» **Dataset extract**:
- - - -

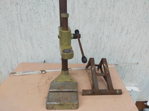 statyw do wiertarki +loze do mocowania na sciane stan jak na skanie bez ukrytych wad moim zdaniem b.dobry o wym.wys. calkowita51 cm,podstawa szer.17 cm,dlug.25 cm,grub.5 cm loze scienne wykonane z katownika i plaskownika 3 cm
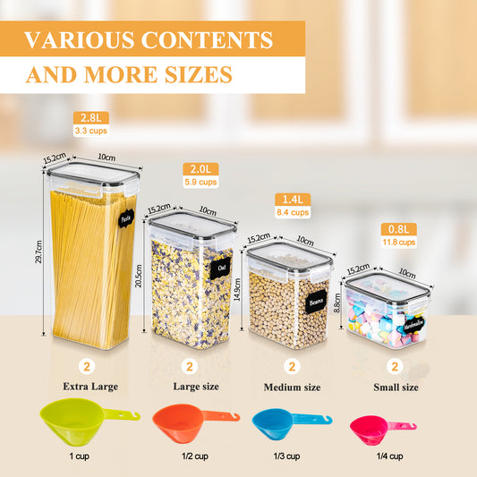 L LONGANCHANG Airtight storage containers with lids, set of 8, BPA-free, kitchen storage boxes, moth-proof kitchen organizers for cornflakes, muesli, and flour, storage containers with labels
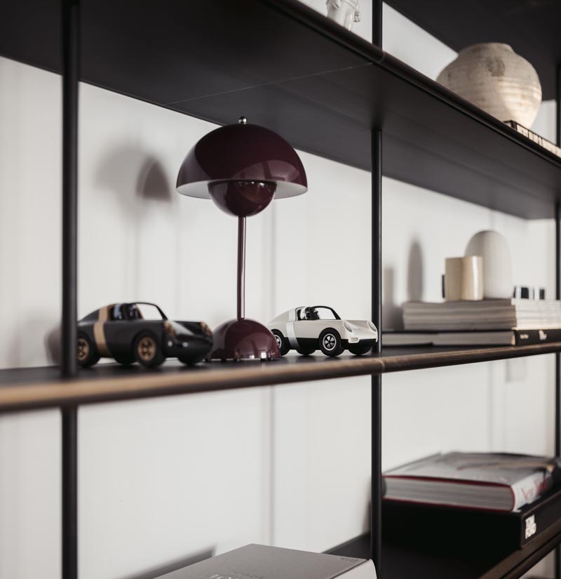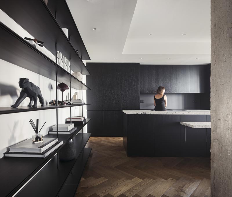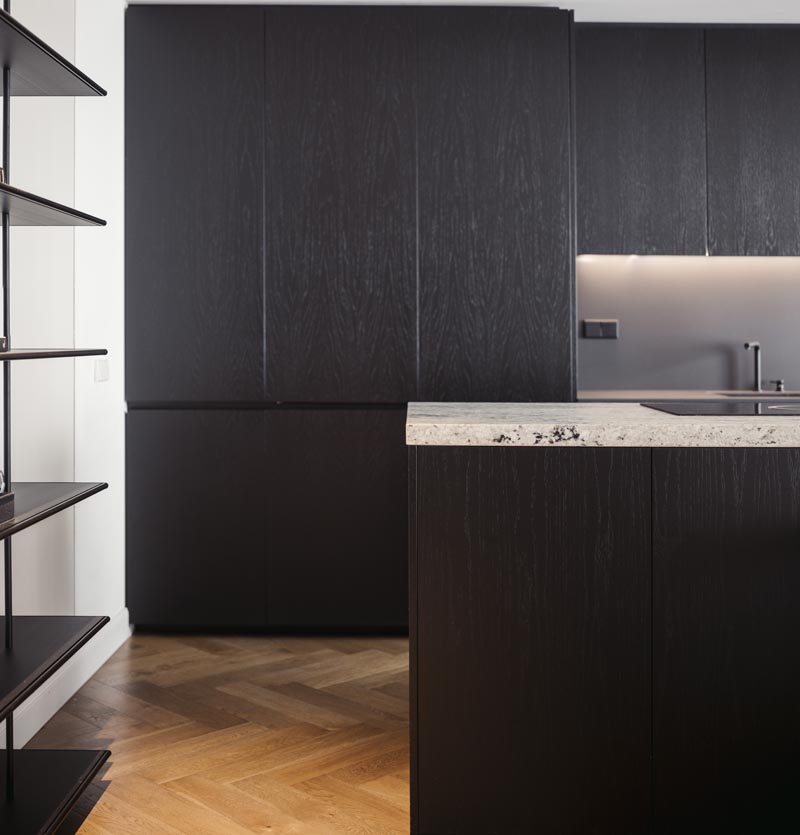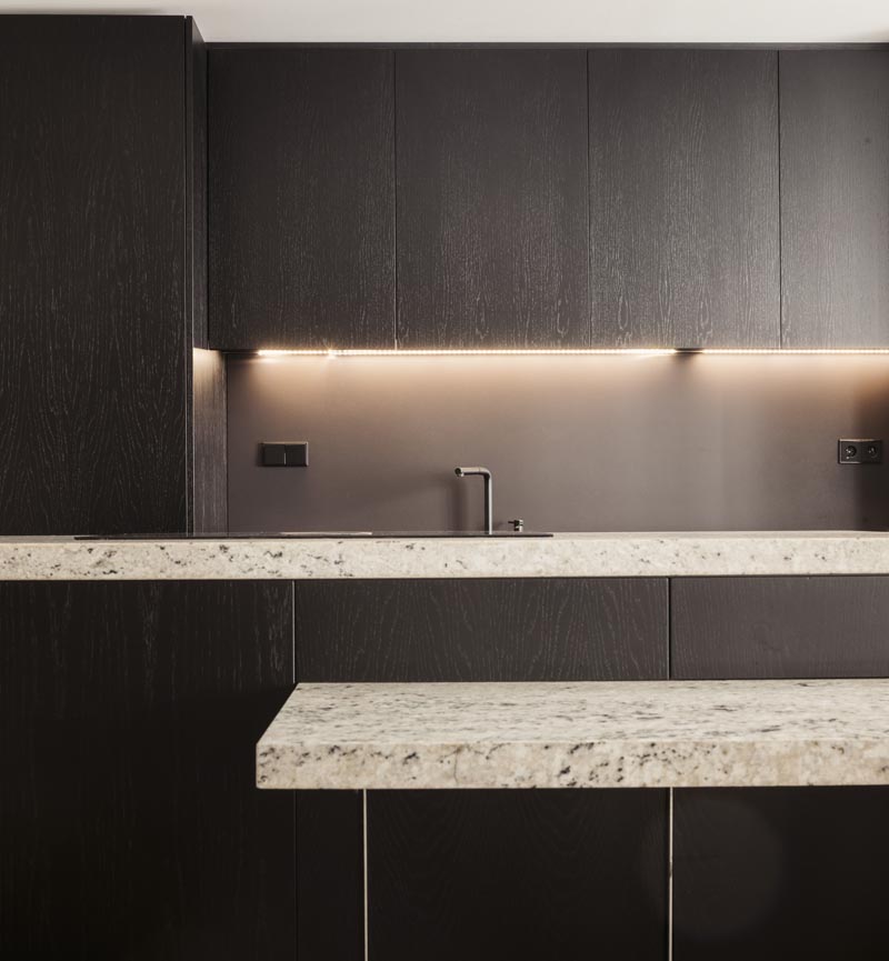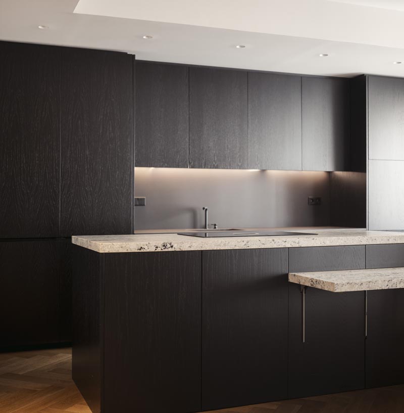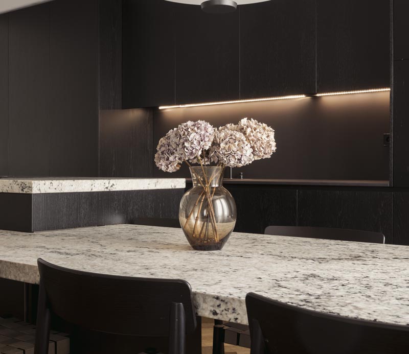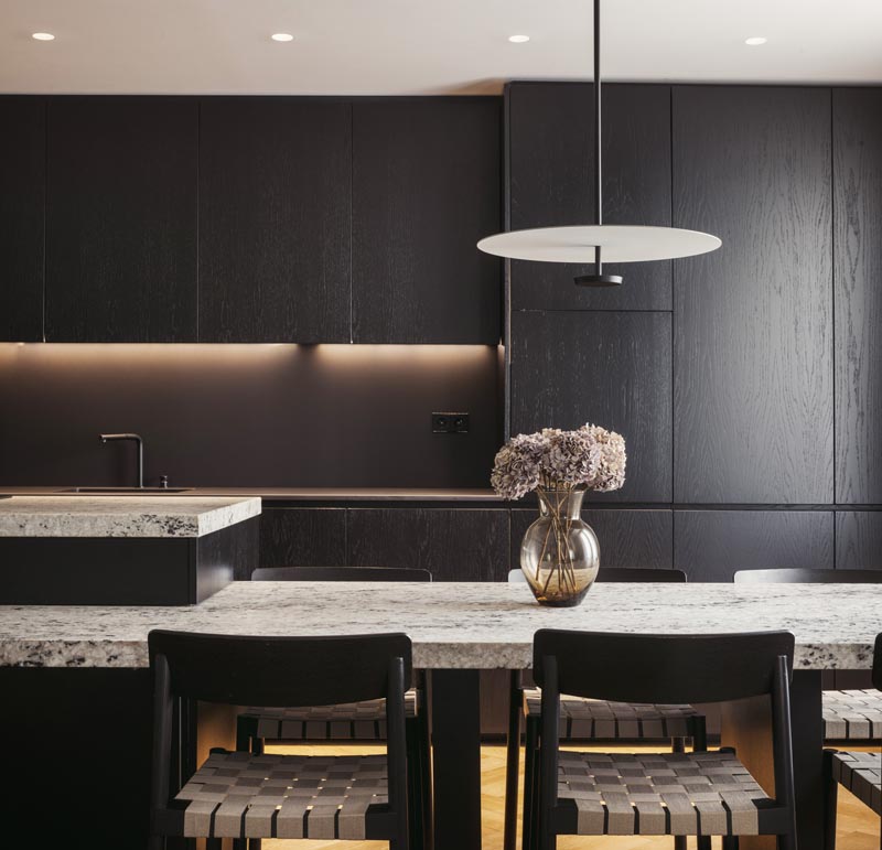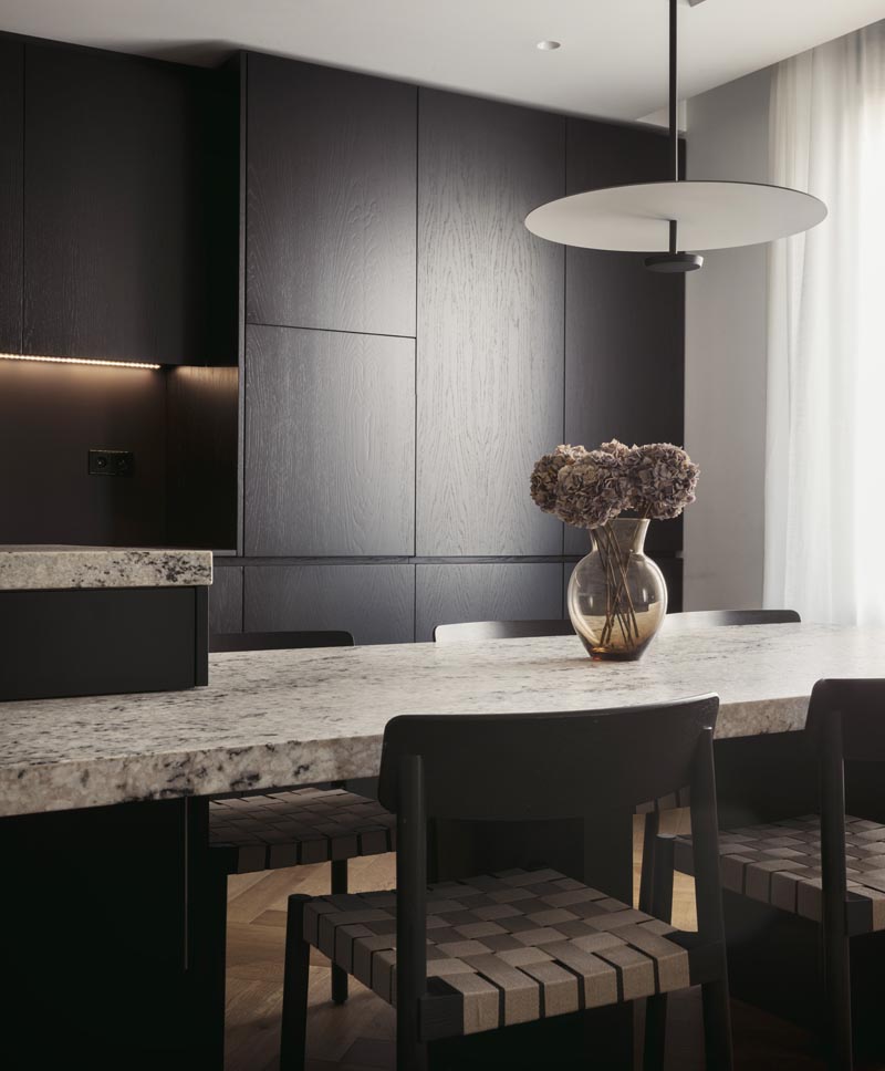 En la cocina, la madera natural cobra protagonismo. Tratada para abrir su poro y lacada en negro, contrasta con las bancadas: una en Dekton, de líneas modernas, y otra en granito natural, con un canto recrecido que aporta robustez y elegancia. El juego de alturas en las bancadas enfatiza la funcionalidad, separando la zona de trabajo de la mesa integrada.

- - - -

» **Work required**: Reproduce the listing above exactly, excluding all pictures.

» **Exercise output**:
 statyw do wiertarki +loze do mocowania na sciane stan jak na skanie bez ukrytych wad moim zdaniem b.dobry o wym.wys. calkowita51 cm,podstawa szer.17 cm,dlug.25 cm,grub.5 cm loze scienne wykonane z katownika i plaskownika 3 cm
 L LONGANCHANG Airtight storage containers with lids, set of 8, BPA-free, kitchen storage boxes, moth-proof kitchen organizers for cornflakes, muesli, and flour, storage containers with labels
 En la cocina, la madera natural cobra protagonismo. Tratada para abrir su poro y lacada en negro, contrasta con las bancadas: una en Dekton, de líneas modernas, y otra en granito natural, con un canto recrecido que aporta robustez y elegancia. El juego de alturas en las bancadas enfatiza la funcionalidad, separando la zona de trabajo de la mesa integrada.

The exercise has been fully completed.